This is a relatively new pattern I’ve seen across vendors and clients, and it seems to track with the rise of strict, goal-based projects with fixed-prices and tighter costing controls. Contingency has seemingly “disappeared”, but the prices of the contract have not gone down, in fact, they tend to have gone up.
Here’s how it tends to play out.
In order to keep a firm grip on fixed-price spend and avoid variance on any given deliverable, the client or central finance team insists contingency is held centrally rather than on the vendor’s estimate. On paper, that’s fine: if something goes wrong, you dip into the central pot. In practice, two problems appear.
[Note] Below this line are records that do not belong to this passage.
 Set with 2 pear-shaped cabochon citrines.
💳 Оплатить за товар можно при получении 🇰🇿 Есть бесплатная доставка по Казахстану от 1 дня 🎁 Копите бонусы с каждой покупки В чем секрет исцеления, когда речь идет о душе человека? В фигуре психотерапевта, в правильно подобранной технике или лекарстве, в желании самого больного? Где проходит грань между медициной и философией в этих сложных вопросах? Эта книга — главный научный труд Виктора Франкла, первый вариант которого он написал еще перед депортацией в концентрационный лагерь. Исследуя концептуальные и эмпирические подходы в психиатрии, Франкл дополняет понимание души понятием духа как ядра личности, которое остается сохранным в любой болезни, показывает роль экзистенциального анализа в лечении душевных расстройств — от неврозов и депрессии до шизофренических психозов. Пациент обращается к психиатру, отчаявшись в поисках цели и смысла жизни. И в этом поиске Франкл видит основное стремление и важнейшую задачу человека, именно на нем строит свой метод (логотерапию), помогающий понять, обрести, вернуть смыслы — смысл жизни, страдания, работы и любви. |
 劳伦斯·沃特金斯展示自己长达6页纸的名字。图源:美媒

First, finance teams are often reluctant to release contingency. They treat requests as overspend or evidence of poor project management/implementation. People don’t like losing control or inviting blame, so approvals get sticky. Second, removing contingency from the vendor’s scope strips away whatever flexibility the vendor or delivery team might have to address issues quickly.
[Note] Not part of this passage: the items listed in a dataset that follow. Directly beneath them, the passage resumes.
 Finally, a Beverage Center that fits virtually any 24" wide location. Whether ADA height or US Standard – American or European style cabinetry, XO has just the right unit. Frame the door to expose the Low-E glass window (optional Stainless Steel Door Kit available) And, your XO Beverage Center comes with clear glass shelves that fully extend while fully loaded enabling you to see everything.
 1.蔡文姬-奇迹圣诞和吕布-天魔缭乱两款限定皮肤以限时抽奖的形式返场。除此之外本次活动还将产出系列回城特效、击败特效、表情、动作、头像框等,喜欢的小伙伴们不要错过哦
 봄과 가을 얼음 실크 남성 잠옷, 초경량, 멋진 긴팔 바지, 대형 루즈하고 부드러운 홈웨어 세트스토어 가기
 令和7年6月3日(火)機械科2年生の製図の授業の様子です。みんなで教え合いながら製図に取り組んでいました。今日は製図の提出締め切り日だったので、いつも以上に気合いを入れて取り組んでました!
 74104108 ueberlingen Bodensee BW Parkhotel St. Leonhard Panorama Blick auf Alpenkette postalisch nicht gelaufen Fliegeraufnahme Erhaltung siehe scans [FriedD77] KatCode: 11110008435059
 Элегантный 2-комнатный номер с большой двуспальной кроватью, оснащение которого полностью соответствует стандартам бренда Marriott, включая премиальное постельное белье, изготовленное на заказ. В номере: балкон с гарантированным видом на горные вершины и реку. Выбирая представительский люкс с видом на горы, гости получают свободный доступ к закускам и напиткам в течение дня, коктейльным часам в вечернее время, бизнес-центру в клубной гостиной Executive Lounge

For as long as I can remember 1, there was usually a simple contingency line at the bottom of an estimate. It might have been in hours or a percentage, typically 10–20% (sometimes ~5% on a well-scoped waterfall project).
Now, many quotes simply cost about 20% more by default, and any challenge to time or scope turns into a long justification and a tussle over release of funds. Everyone knows the contingency hasn’t really gone; it’s just been moved and hidden. and that’s not much of a win for any of us.
The net effect is less transparency in our quotes and vendor interactions. If a project goes really well, we still “spend the contingency” because it’s already included in the bill. I’d much rather see contingency brought back as a clear line item. But while the push for ever-tighter fixed-price deliveries continues, I don’t expect that transparency to return any time soon.